■ Your task ■
Set down each of the records below exactly as it reads. No pictures go into the copy.

Extracted records
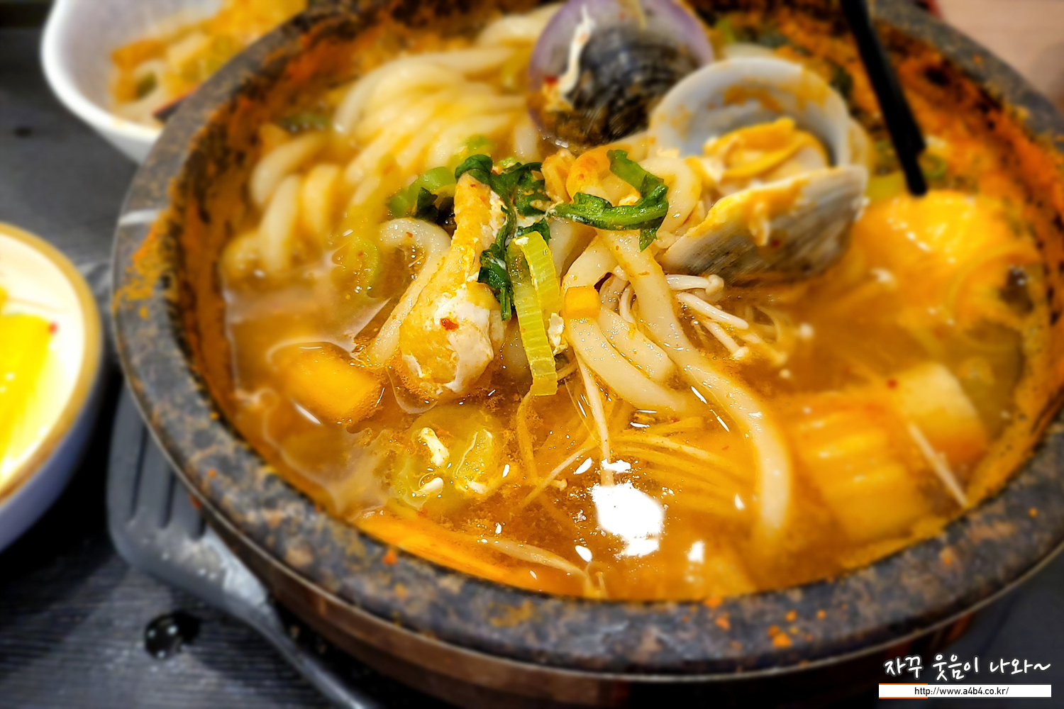 탱탱한 우동국수와 시원한 해물이 들어있는 얼큰한 맛의 돌냄비 우동입니다. 이곳 현대백화점 무역센터점 송의 인기메뉴 중 하나
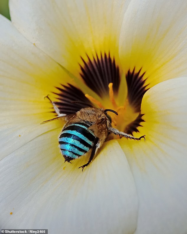 這種藍條紋蜜蜂可以在除了塔斯曼尼亞之外的所有州的花園裡看到,而且身上的條紋因為異常顯眼所以其實很難不發現。
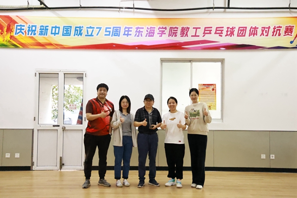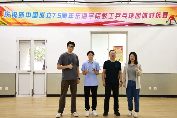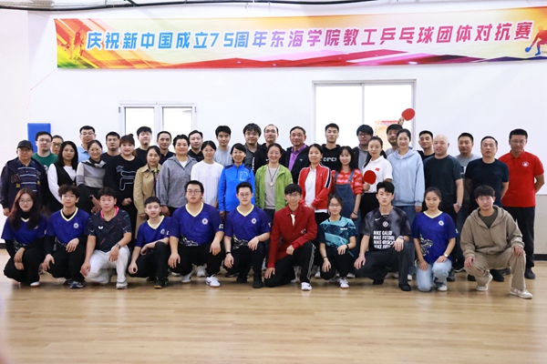 为进一步推进我校教职工健身运动的开展,提高教职工队伍健康水平,增进各单位教职工之间的交流,11月13日、14日,由校工会主办,基础部体育组、教工乒乓球协会承办的“庆祝新中国成立75周年东海学院教工乒乓球团体对抗赛”在体育馆一楼隆重举行。
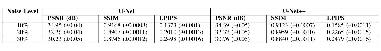 - 在低噪声和中噪声水平下,U-Net++表现出较高的结构保真度和较低的感知相似性。
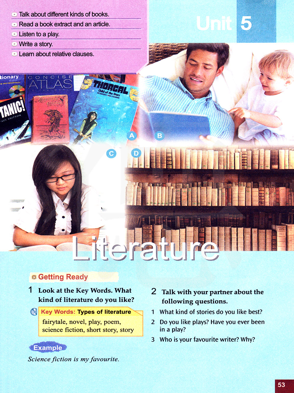 谈论不同的书籍。 阅读一本书的选段和一篇文章。 听一部戏剧。
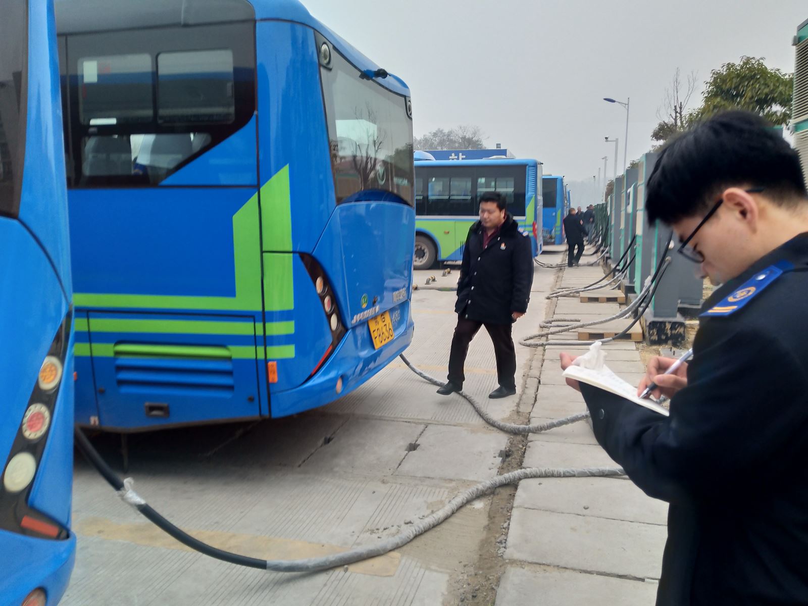 此次檢查由公交集團機務技術事業部書記許增磊帶隊,分別到西城、華威、江華北路、新華總站、公交總站以及大港路等停車場站車輛進行了檢查,對車輛的燈光、轉向、制動、電路系統、空濾、電瓶及電池艙是否存在安全隱患進行了重點排查。
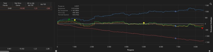 Ребят всем добрый день. Из-за военных действий пришлось выехать с Донецкой области, в другой регион Украины. После долгого перерыва опять вернулся в покер. Отыграл без стримов месяц в режиме 6 столов, параллельно вспоминал все тонкости покера и решал "насущные вопросы на новом месте жительства."
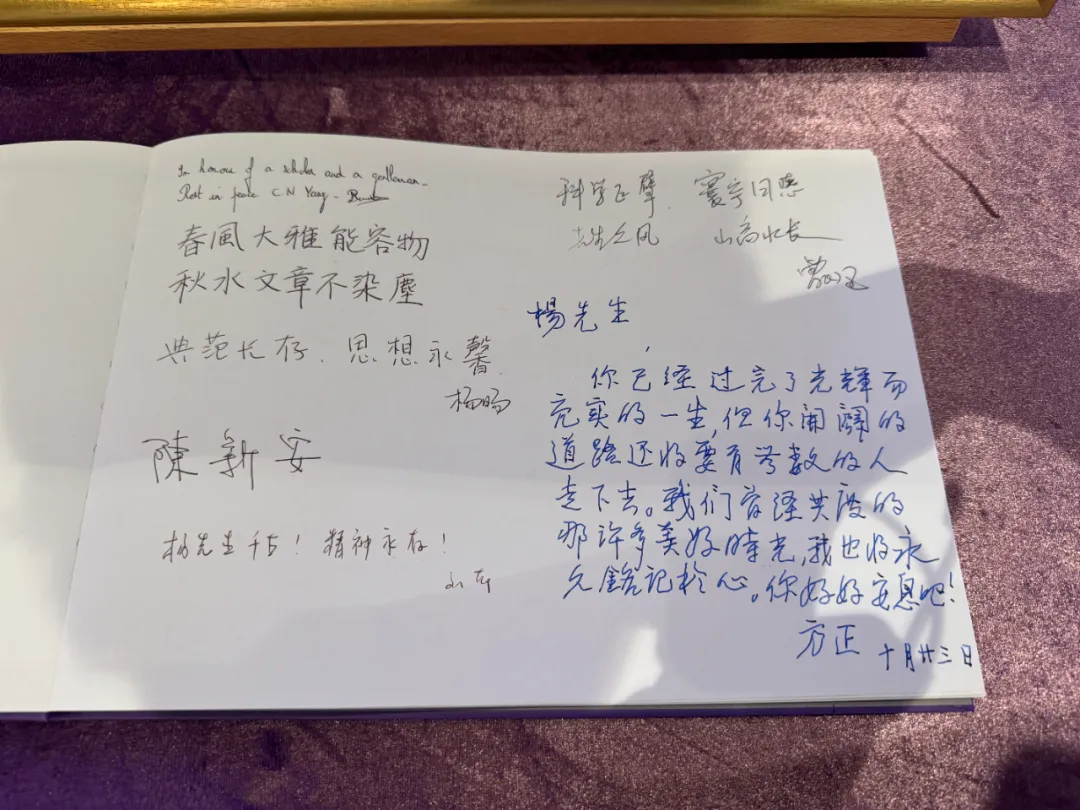 图为杨振宁挚友陈方正在吊唁室留言簿上写给杨振宁先生的话:“杨先生,你已经过完了光辉而充实的一生,但你开辟的道路还将要有无数的人走下去。我们曾经共度的那许多美好时光,我也将永远铭记在心。你好好安息吧!”拍摄:陈晓雪
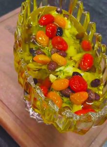 Montagem: Em um recipiente de vidro bem higienizado, disponha em camadas: tomatinhos (sem o alecrim), bacalhau, tomilho, azeitonas e azeite do próprio confit de tomatinhos. Tempere com sal e pimenta-do-reino a gosto ou ajuste apenas no momento de servir. Cubra completamente com o azeite, vede bem com plástico filme e leve à geladeira. O bacalhau deve permanecer totalmente submerso, marinando por 3 dias antes de servir. Sirva com torradinhas ou pão italiano.
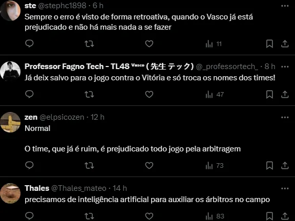 “O drible é feito em direção ao centro do campo, e tem um defensor que poderia disputar essa bola. Seguimos. Está checado. A direção do drible é para o meio do campo”, acrescentou com base no vídeo.
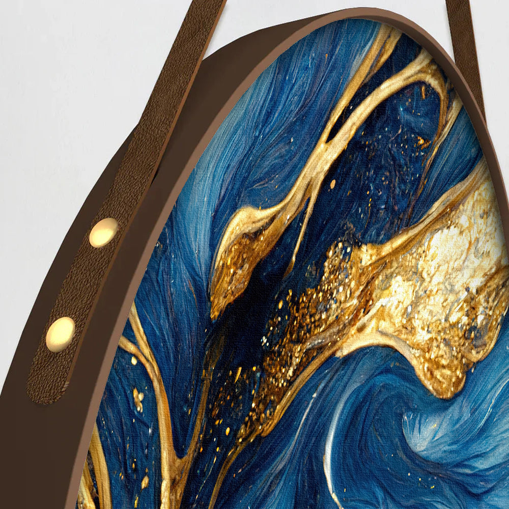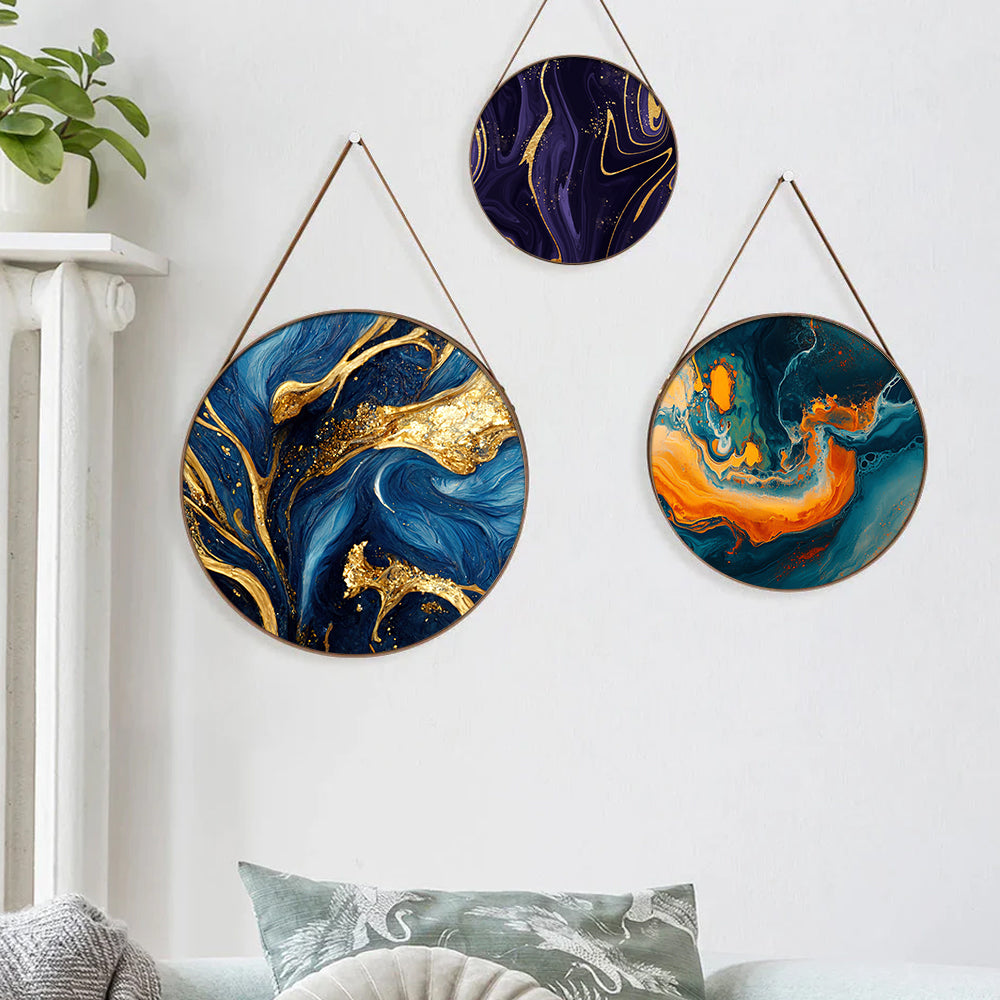 Minimalist Blue & Gold Round Framed Canvas Wall Paintings - Set of 3
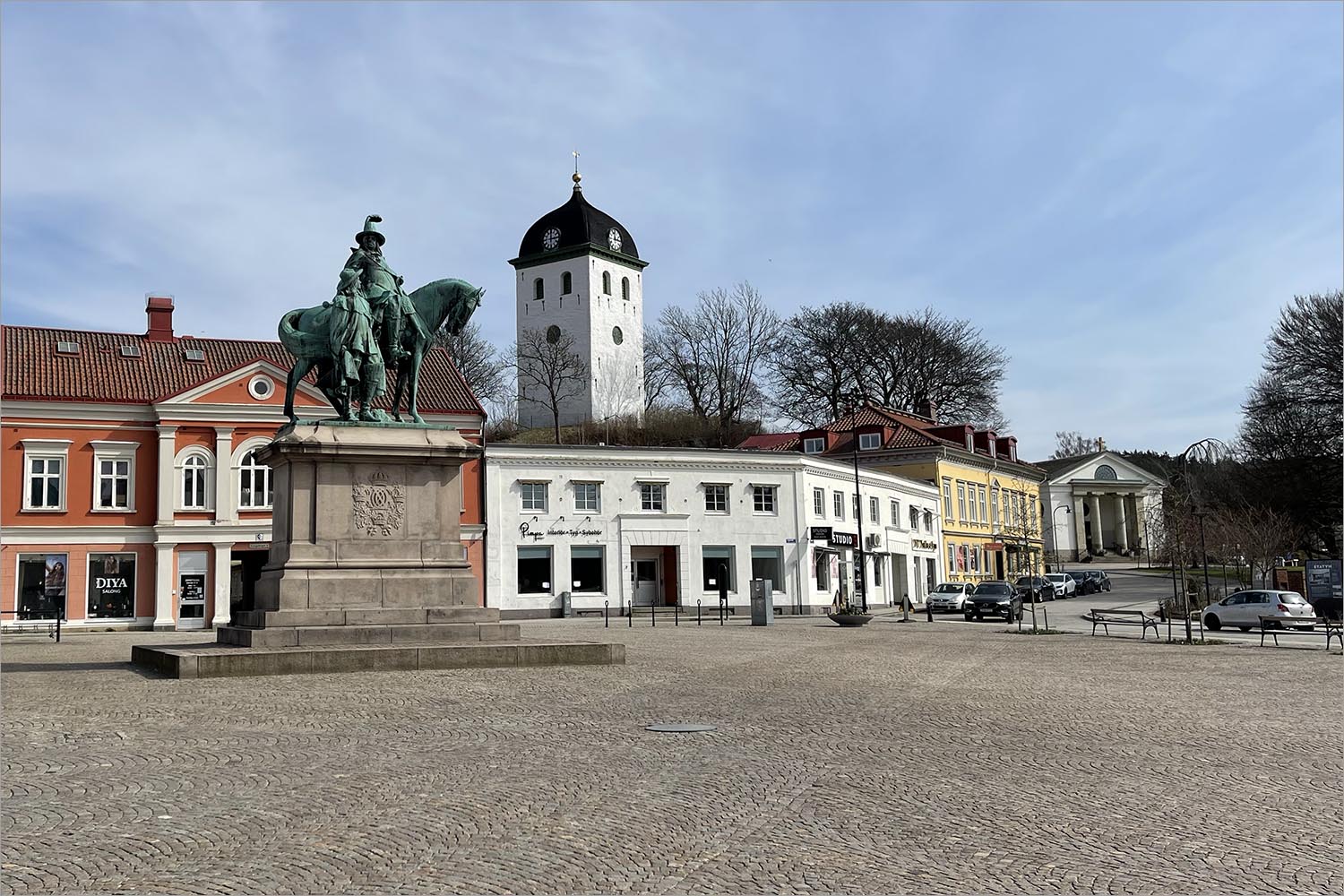 Kungstorget (Koningsplein), Uddevalla. De meneer op het paard is (koning) Karel X Gustaaf van Zweden.
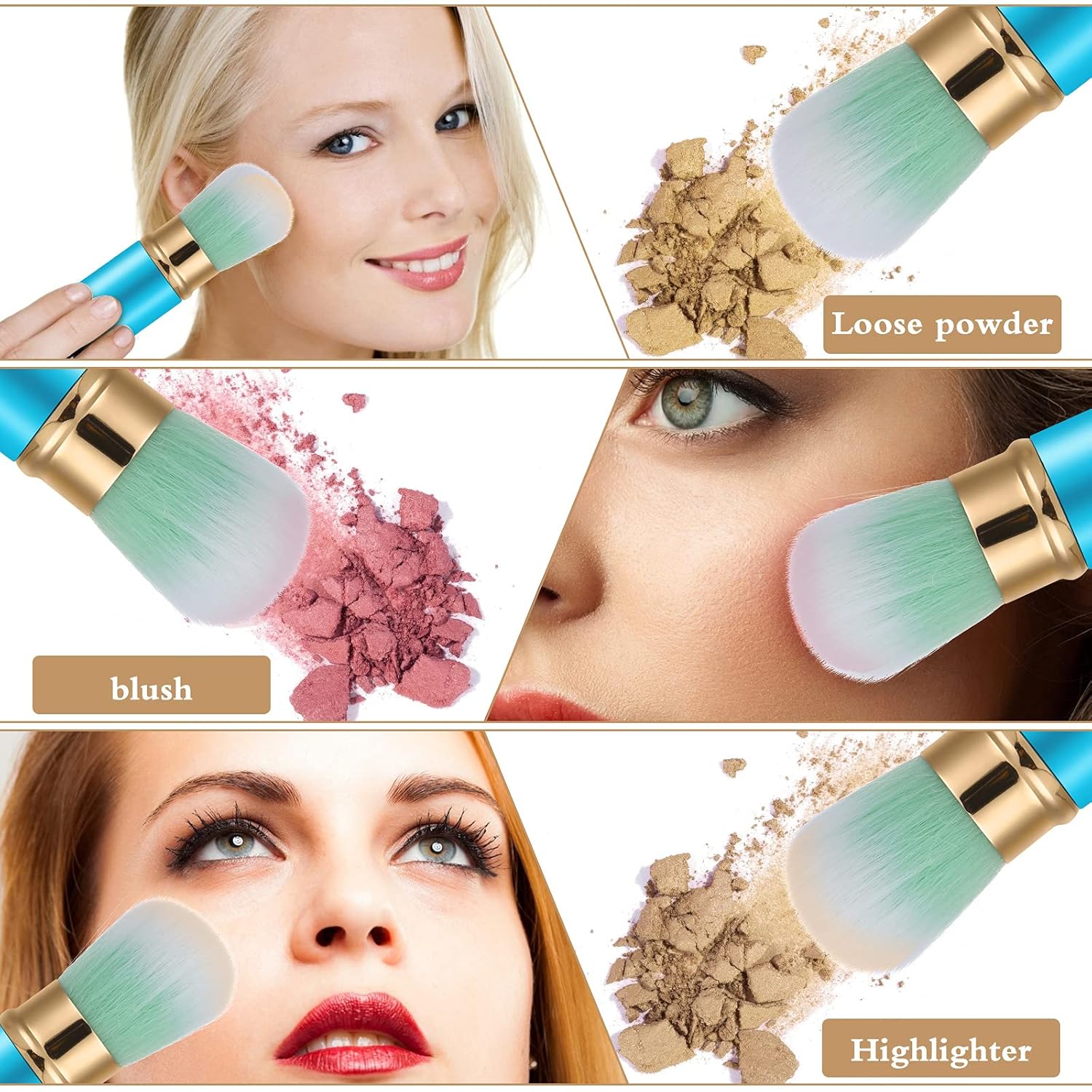 - 【Power of Beauty】 This powder blush brush is great for everyday makeup, well made, fixed Firmly, no shedding, no smell, suitable for powder, bronzers, and mineral blush makeup, you can long time using, synthetic bristles are ultra plush and smooth,natural-looking coverage on every part of the face.
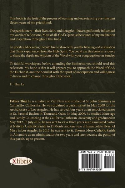 This book is a fruit of a process of learning and experiencing of my pastoral ministries throughout the past eleven years of my priesthood. The parishioners- their lives, faith, and struggles-have significantly influenced my words of reflections. Most of all, God's Spirit is the source of my meditation and inspiration throughout this book. To priests and deacons, with these humble and simple words of reflections in this book, I like to share with you the blessing and inspiration that I have experienced from the Holy Spirit. You could use this book as source ideas to inspire so to share with your congregation the depth and wisdom of the Word on Sunday. To faithful worshipers, before attending the Eucharist, you should read this reflection. My hope is it will prepare you to approach the Word of God, the Eucharist, and the homilist with the spirit of anticipation and willingness to listen and to change throughout the week! Fr. Thai Le
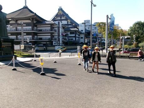 鹿児島市中央公園横の西郷隆盛の銅像前で記念写真後、グループ学習での鹿児島市内見学の旅が始まりました。
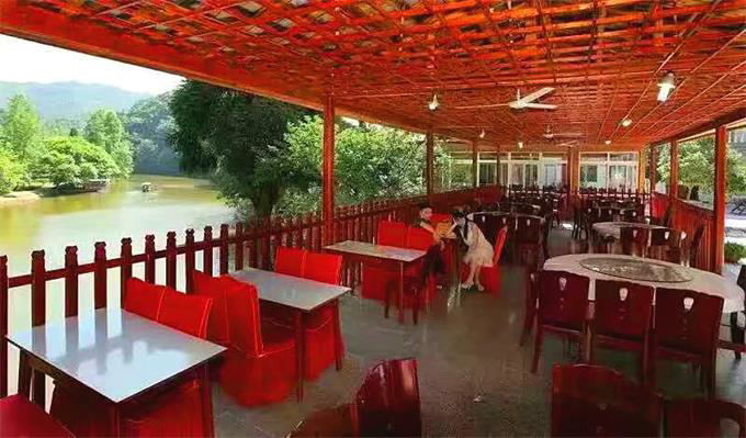餐厅可接待200人就餐,依湖而建,吹着湖面上进来的风,感觉一身舒爽。人间烟火,唯有美食能抚慰人心。品尝风味美食这里的每道菜都是满满诚意,来到这里,除了赞叹山庄的山灵水秀之外,大家对他家的菜品都有着极高的评价。
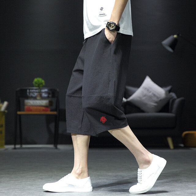 Seasonal Linen 7 Pants Male Tide Plus Fertilizer XL Fat Loose Wide Leg Pants Men’s Chinese Style Men’s Shorts – 2XL Lake Blue
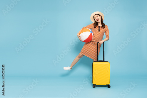 Happy young Asian woman traveler with luggage and holding beach ball isolated on sky blue background, Tourist girl having cheerful holiday trip concept, Full body composition
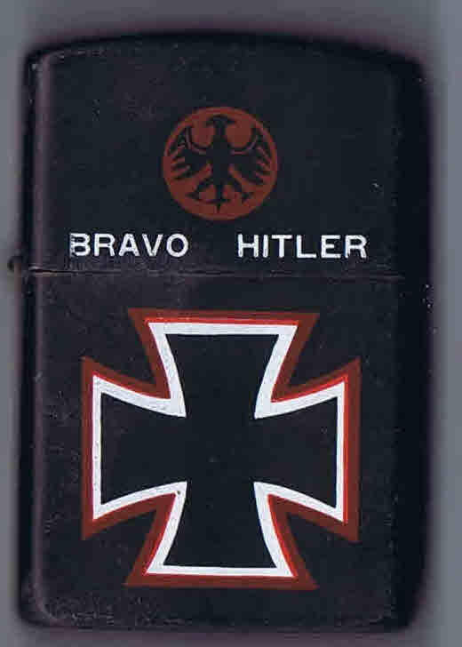 Porta-chaves (do Movimento Sociale Italiano e cruz céltica) e isqueiro apologético de Hitler com a “cruz de ferro”.
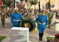 Depósito de la tradicional corona de laurel

■ Answer to the problem ■
 탱탱한 우동국수와 시원한 해물이 들어있는 얼큰한 맛의 돌냄비 우동입니다. 이곳 현대백화점 무역센터점 송의 인기메뉴 중 하나
 這種藍條紋蜜蜂可以在除了塔斯曼尼亞之外的所有州的花園裡看到,而且身上的條紋因為異常顯眼所以其實很難不發現。
 为进一步推进我校教职工健身运动的开展,提高教职工队伍健康水平,增进各单位教职工之间的交流,11月13日、14日,由校工会主办,基础部体育组、教工乒乓球协会承办的“庆祝新中国成立75周年东海学院教工乒乓球团体对抗赛”在体育馆一楼隆重举行。
 - 在低噪声和中噪声水平下,U-Net++表现出较高的结构保真度和较低的感知相似性。
 谈论不同的书籍。 阅读一本书的选段和一篇文章。 听一部戏剧。
 此次檢查由公交集團機務技術事業部書記許增磊帶隊,分別到西城、華威、江華北路、新華總站、公交總站以及大港路等停車場站車輛進行了檢查,對車輛的燈光、轉向、制動、電路系統、空濾、電瓶及電池艙是否存在安全隱患進行了重點排查。
 Ребят всем добрый день. Из-за военных действий пришлось выехать с Донецкой области, в другой регион Украины. После долгого перерыва опять вернулся в покер. Отыграл без стримов месяц в режиме 6 столов, параллельно вспоминал все тонкости покера и решал "насущные вопросы на новом месте жительства."
 图为杨振宁挚友陈方正在吊唁室留言簿上写给杨振宁先生的话:“杨先生,你已经过完了光辉而充实的一生,但你开辟的道路还将要有无数的人走下去。我们曾经共度的那许多美好时光,我也将永远铭记在心。你好好安息吧!”拍摄:陈晓雪
 Montagem: Em um recipiente de vidro bem higienizado, disponha em camadas: tomatinhos (sem o alecrim), bacalhau, tomilho, azeitonas e azeite do próprio confit de tomatinhos. Tempere com sal e pimenta-do-reino a gosto ou ajuste apenas no momento de servir. Cubra completamente com o azeite, vede bem com plástico filme e leve à geladeira. O bacalhau deve permanecer totalmente submerso, marinando por 3 dias antes de servir. Sirva com torradinhas ou pão italiano.
 “O drible é feito em direção ao centro do campo, e tem um defensor que poderia disputar essa bola. Seguimos. Está checado. A direção do drible é para o meio do campo”, acrescentou com base no vídeo.
 Minimalist Blue & Gold Round Framed Canvas Wall Paintings - Set of 3
 Kungstorget (Koningsplein), Uddevalla. De meneer op het paard is (koning) Karel X Gustaaf van Zweden.
 - 【Power of Beauty】 This powder blush brush is great for everyday makeup, well made, fixed Firmly, no shedding, no smell, suitable for powder, bronzers, and mineral blush makeup, you can long time using, synthetic bristles are ultra plush and smooth,natural-looking coverage on every part of the face.
 This book is a fruit of a process of learning and experiencing of my pastoral ministries throughout the past eleven years of my priesthood. The parishioners- their lives, faith, and struggles-have significantly influenced my words of reflections. Most of all, God's Spirit is the source of my meditation and inspiration throughout this book. To priests and deacons, with these humble and simple words of reflections in this book, I like to share with you the blessing and inspiration that I have experienced from the Holy Spirit. You could use this book as source ideas to inspire so to share with your congregation the depth and wisdom of the Word on Sunday. To faithful worshipers, before attending the Eucharist, you should read this reflection. My hope is it will prepare you to approach the Word of God, the Eucharist, and the homilist with the spirit of anticipation and willingness to listen and to change throughout the week! Fr. Thai Le
 鹿児島市中央公園横の西郷隆盛の銅像前で記念写真後、グループ学習での鹿児島市内見学の旅が始まりました。
餐厅可接待200人就餐,依湖而建,吹着湖面上进来的风,感觉一身舒爽。人间烟火,唯有美食能抚慰人心。品尝风味美食这里的每道菜都是满满诚意,来到这里,除了赞叹山庄的山灵水秀之外,大家对他家的菜品都有着极高的评价。
 Seasonal Linen 7 Pants Male Tide Plus Fertilizer XL Fat Loose Wide Leg Pants Men’s Chinese Style Men’s Shorts – 2XL Lake Blue
 Happy young Asian woman traveler with luggage and holding beach ball isolated on sky blue background, Tourist girl having cheerful holiday trip concept, Full body composition
 Porta-chaves (do Movimento Sociale Italiano e cruz céltica) e isqueiro apologético de Hitler com a “cruz de ferro”.
 Depósito de la tradicional corona de laurel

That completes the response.